[Start of Attachment]

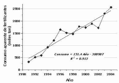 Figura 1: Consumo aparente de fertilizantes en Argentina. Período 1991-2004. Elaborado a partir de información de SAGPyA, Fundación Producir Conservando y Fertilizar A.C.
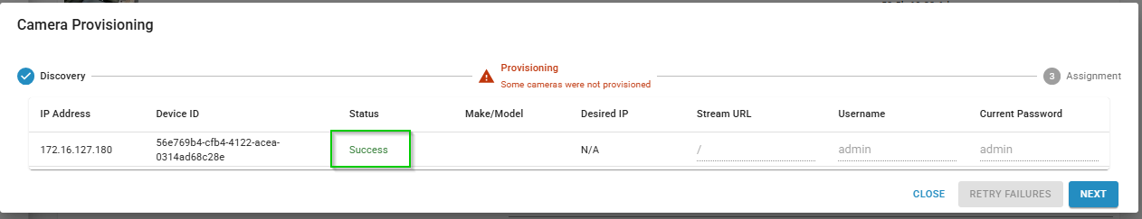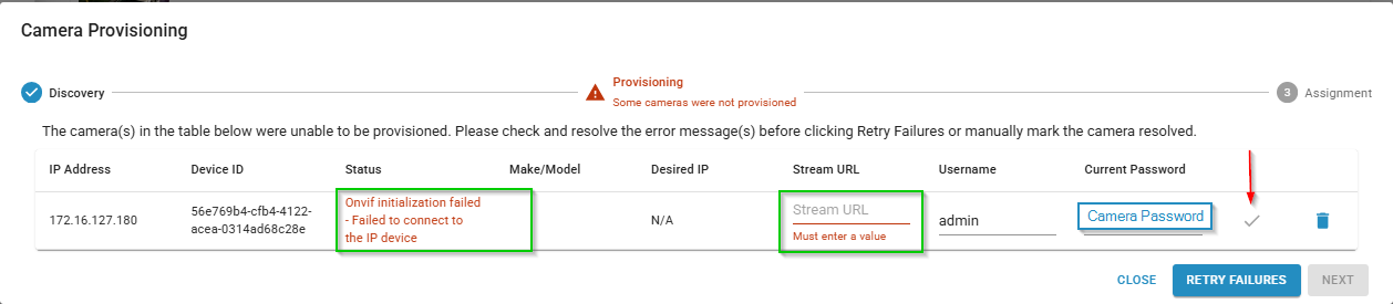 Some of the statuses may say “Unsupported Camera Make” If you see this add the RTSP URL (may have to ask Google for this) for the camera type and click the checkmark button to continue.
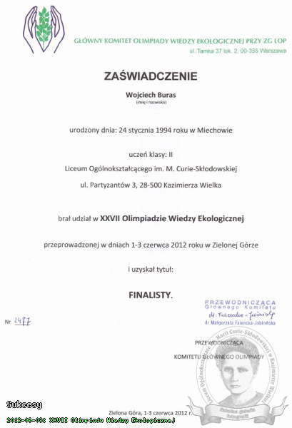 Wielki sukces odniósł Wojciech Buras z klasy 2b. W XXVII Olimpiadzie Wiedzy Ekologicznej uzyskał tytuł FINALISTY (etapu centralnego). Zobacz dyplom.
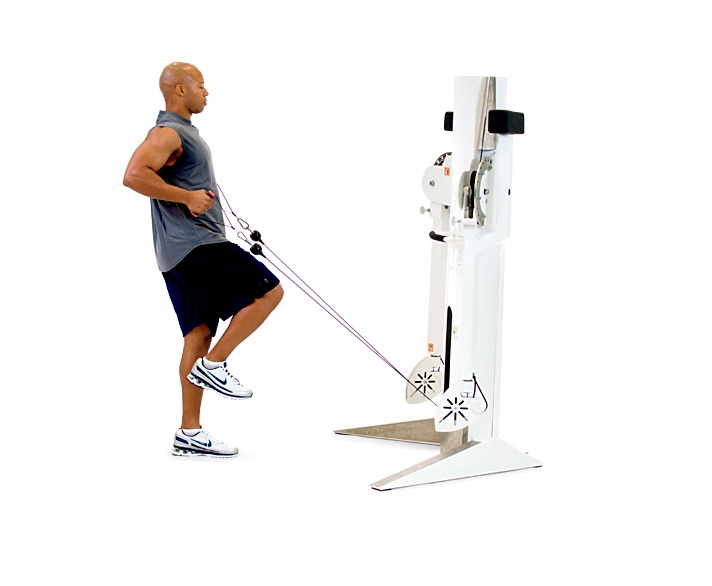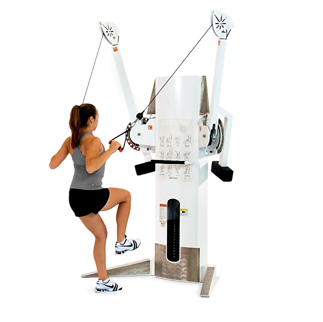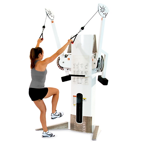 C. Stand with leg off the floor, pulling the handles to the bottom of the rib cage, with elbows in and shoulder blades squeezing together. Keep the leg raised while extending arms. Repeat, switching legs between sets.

[End of Attachment]

» **WORK REQUEST**
Start with the line above containing "Some of the" and end with the line containing "Wielki sukces odniósł". Set down that stretch exactly, without any pictures.

» **TASK OUTPUT**
 Some of the statuses may say “Unsupported Camera Make” If you see this add the RTSP URL (may have to ask Google for this) for the camera type and click the checkmark button to continue.
 Wielki sukces odniósł Wojciech Buras z klasy 2b. W XXVII Olimpiadzie Wiedzy Ekologicznej uzyskał tytuł FINALISTY (etapu centralnego). Zobacz dyplom.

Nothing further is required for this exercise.